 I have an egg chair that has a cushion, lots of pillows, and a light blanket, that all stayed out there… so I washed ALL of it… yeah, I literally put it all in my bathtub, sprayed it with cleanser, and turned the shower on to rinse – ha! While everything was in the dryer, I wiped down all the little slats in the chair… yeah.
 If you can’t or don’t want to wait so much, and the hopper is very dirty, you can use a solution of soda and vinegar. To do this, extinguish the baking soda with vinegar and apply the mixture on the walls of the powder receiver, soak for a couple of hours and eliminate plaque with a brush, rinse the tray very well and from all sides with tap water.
════════════════
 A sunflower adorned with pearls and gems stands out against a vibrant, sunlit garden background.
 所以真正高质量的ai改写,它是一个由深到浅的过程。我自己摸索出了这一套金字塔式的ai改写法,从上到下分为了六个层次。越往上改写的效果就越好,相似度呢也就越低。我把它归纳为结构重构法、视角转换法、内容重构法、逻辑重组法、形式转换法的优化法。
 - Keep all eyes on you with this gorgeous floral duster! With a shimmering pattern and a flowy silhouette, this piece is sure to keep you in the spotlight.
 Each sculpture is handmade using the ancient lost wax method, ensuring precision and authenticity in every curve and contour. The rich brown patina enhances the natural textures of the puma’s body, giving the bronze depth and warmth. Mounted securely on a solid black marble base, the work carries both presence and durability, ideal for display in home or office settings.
════════════════
### Exercise prompt
In the entries above, please find the line with "所以真正高质量的ai改写,它" and the line with "Each sculpture is", then write out exactly those two lines and every line between them, and nothing more.

### Task output
 所以真正高质量的ai改写,它是一个由深到浅的过程。我自己摸索出了这一套金字塔式的ai改写法,从上到下分为了六个层次。越往上改写的效果就越好,相似度呢也就越低。我把它归纳为结构重构法、视角转换法、内容重构法、逻辑重组法、形式转换法的优化法。
 - Keep all eyes on you with this gorgeous floral duster! With a shimmering pattern and a flowy silhouette, this piece is sure to keep you in the spotlight.
 Each sculpture is handmade using the ancient lost wax method, ensuring precision and authenticity in every curve and contour. The rich brown patina enhances the natural textures of the puma’s body, giving the bronze depth and warmth. Mounted securely on a solid black marble base, the work carries both presence and durability, ideal for display in home or office settings.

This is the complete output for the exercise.